It finally clicked for me. Hollywood gets ahold of a popular franchise like The Witcher and seemingly uses it as a medium to educate rather than entertain. They try to flip the script and push a message, often straying far from the source material.
Anime, on the other hand, usually has the manga releasing weekly or monthly. The fanbase is essentially “voting with their wallet” on which series they want to see adapted. When a studio picks it up, they just adapt it pretty faithfully. You get exactly what you paid for—the story you already love, just animated. It’s refreshing to watch a medium where the priority is giving the people what they actually want.
Anime exists to sell the manga which has much stronger profit.
In the US they are trying to sell the adaptation itself. The fact that that adaptation usually sucks speaks to American companies not loving the anime but looking at dollar signs.
This is the same reason all the D&D movies suck ass.
Also if you are paying for a streaming service, no matter how many times you watch something it will still go away because its not voting with dollars per show, they are experimenting with how much they can not pay for in licensing before you quit.
So you’re saying “go woke go broke”?
No, not at all. All art has a message or belief (usually progressive, at that), anime is created in a conservative hellscape and so usually simply has ideas you already internalized and take for granted (freedom from oppressive systems, equality, etc etc). I won’t make assumptions about you, but many idiots and tourists often also just ignore the message of Japanese works and claim it’s ‘apolitical’ or whatever fake standard they pretend to have.

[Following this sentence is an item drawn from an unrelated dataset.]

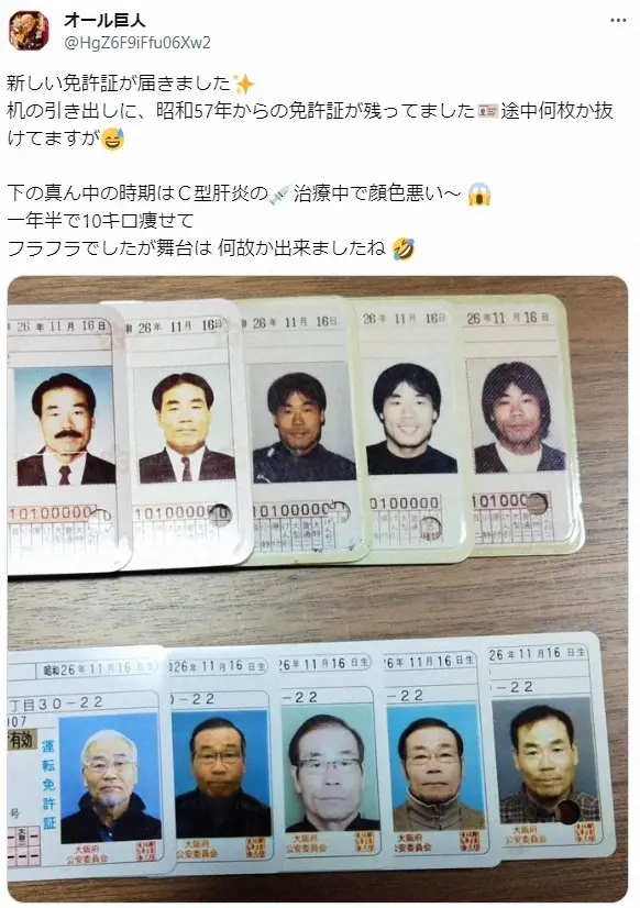 「机の引き出しに、昭和57年からの免許証が残ってました」と、若き頃から現在までの免許証10枚を並べて投稿。「途中何枚か抜けてますが」としつつ、「下の真ん中の時期はC型肝炎の治療中で顔色悪い~一年半で10キロ痩せてフラフラでしたが舞台は何故か出来ましたね」と、思い出にしみじみと浸っていた。

The reason eastern media tends to be better is because it usually has less fingers in the pie. Most of the best anime, manga, and even games can ultimately be attributed to a single person’s vision, either because they had a hand in every production based on their creation or because the studies stayed true to their vision as a rule. That isn’t the case with Western entertainment, Spider-Man has been recycled through dozens of different authors with even more interpretations, it is not the vision of any single person anymore. Not to mention design by committee nonsense that makes up the biggest names in Western media
I really do think Western media is more likely to hit you over the head with it’s message than Japanese media though.
That’s just not true.
P4 was so painfully obvious about it’s messages of tolerance and feminism that some people thought it was even more progressive than it was intended to be (making naoto out to be trans instead of the message it intended: acceptance of women in all areas of life). Wonder Egg literally had someone fight a physical manifestation of transphobia that was threatening to ‘cut it off’ when talking to a trans girl just to make it so obvious it’s impossible for those stupid people i mentioned before to ignore it. Killing slimes for 300 years is entirely based off of being anti-work culture. I haven’t watched One piece but it’s apparently obvious in it’s message against authoritarianism, just to point out a big one. Anti-homophobia messages tend to be said out right in long running shows or yuri/yaoi shows. Nothing gets more brow beat-y and obvious than anti-war and anti-violence stories in eastern media.
Or maybe anime storytelling is untapped creative ground that Western production does not cover. In other words, familiarity breeds contempt.
What did the witcher tv series try to educate us about? havent seen it.
I dunno. I watched the Witcher season one adaptation and thought it was pretty good. I don’t remember any “education” or overt political messaging.
Seems like bog standard conservative chud hot take to me. But I could be wrong.
I’m trying to be nice about it since this isn’t a political community and i don’t want to cause problems with the mods here, but yes you are correct. This stems entirely from media illiteracy.
‘Voting with your wallet’ is an odd way of putting it though.
I’m no expert on manga publishing by any means, but you still have to get noticed by the industry before getting published. The difference I suspect has more to do with artists being able to present an individual, cohesive vision, and ‘trialling’ manga being relatively cheap and low-risk for the publisher when it’s just a way to pad out a magazine which will sell regardless. Meaning there’s more original, creative ideas presented to the audience, but it’s not really a consumer issue until it consequently reaches a certain level of popularity.
You’re probably right on the faithful adaptation though, the manga basically gives the producers a storyboard to work off of. Hollywood suffers from the exact opposite issue to being ideological I think, they’re often produced by committee without a cohesive vision. A show’s good because of a clear, purposeful narrative, which hinges on the author’s messaging.